Example: "How do I calculate D30 retention in Google Analytics?" Action: Add "Implementation in Common Tools" section

Best Practices

Do:

✅ Look for patterns across multiple feedback sessions ✅ Update skills incrementally (small, tested changes) ✅ Document why changes were made (Learnings section) ✅ Preserve feedback history (archive, don't delete) ✅ Version skills so users know what changed

Don't:

❌ Update based on single piece of feedback (might be outlier) ❌ Make skills overly complex trying to cover every edge case ❌ Remove content without understanding why it was there ❌ Ignore feedback for more than 30 days (patterns emerge) ❌ Update without testing the new version

Automation Ideas

Weekly Digest (optional)

Create a script to summarize new feedback:

bash

#!/bin/bash
# .claude/hooks/learning/weekly-feedback-digest.sh

echo "📊 Feedback Digest (Last 7 Days)"
echo "━━━━━━━━━━━━━━━━━━━━━━━━━━━━━━━━━━━━━━━━"

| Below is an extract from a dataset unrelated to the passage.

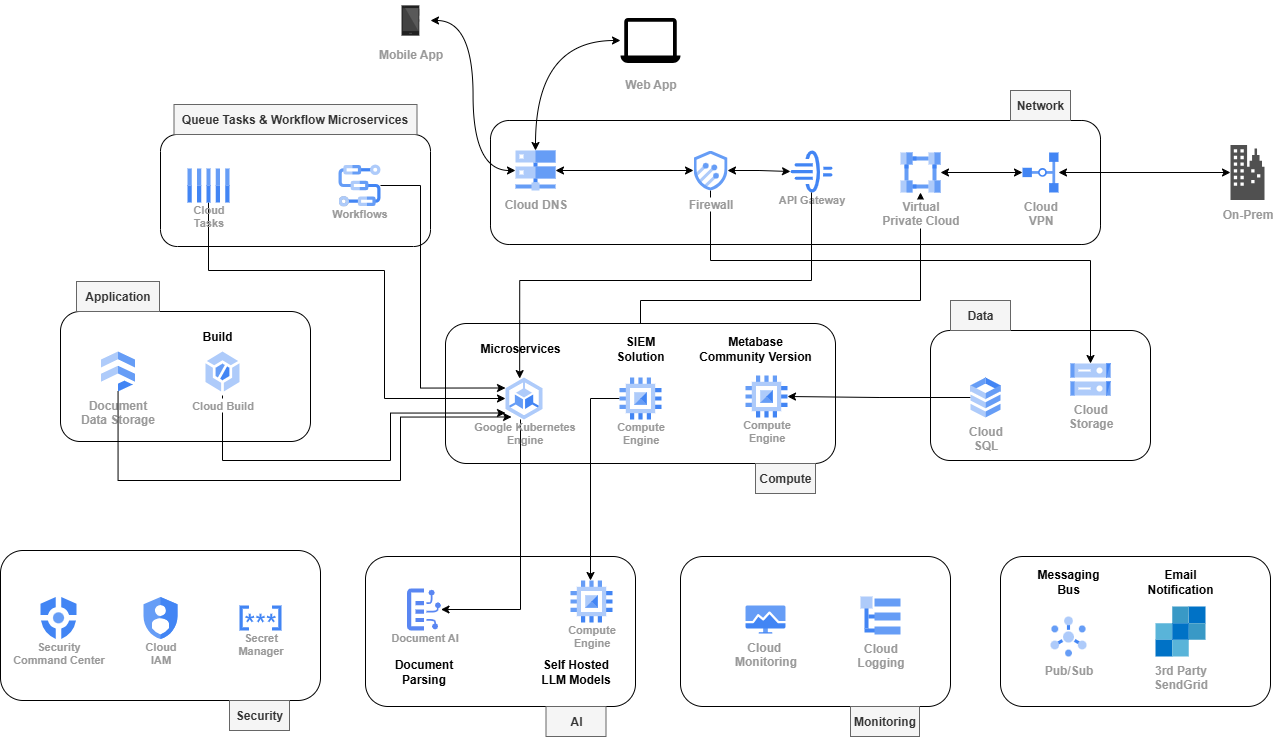 To solve the challenge of cross-border expansion with a lean team, Abhi selected Google Cloud to host its development, Quality Assurance (QA), and security workloads. The team built its solution around a core principle: maximize automation. The foundation of this strategy is a serverless architecture that uses self-managed services for compute, storage, and databases. This approach minimizes the need for active system monitoring and allows operations to run smoothly, freeing the team from routine infrastructure management.

find .claude/feedback -name "retro-*.md" -mtime -7 | while read -r file; do
    echo ""
    echo "File: $(basename $file)"
    grep "Skills Used" -A 5 "$file"
    grep "Improvements needed:" -A 3 "$file"
done

Auto-Tag for Review

When feedback mentions specific issues, auto-tag:

•"missing step" → tag for immediate review
•"wrong number" → tag for fact-check
•"confusing" → tag for clarity rewrite

Success Metrics

Track improvement over time:

•Feedback frequency: Decreasing = skills getting better
•Repeated issues: Should approach zero over time
•User satisfaction: Track "Did this skill help?" responses
•Skill usage: Updated skills should see increased usage

Meta: This Skill Improves Itself

This skill should follow its own advice:

Learnings from Use:

[To be filled as this skill gets used and improved]

Version History:

•v1.0.0 (2026-01-22): Initial release - framework for skill improvement

Next Steps:

•Review feedback in .claude/feedback/
•Identify patterns and prioritize updates
•Update skill files with improvements
•Document learnings
•Archive processed feedback
•Commit changes with clear message

The more you use this system, the better your skills become. It's a continuous improvement loop.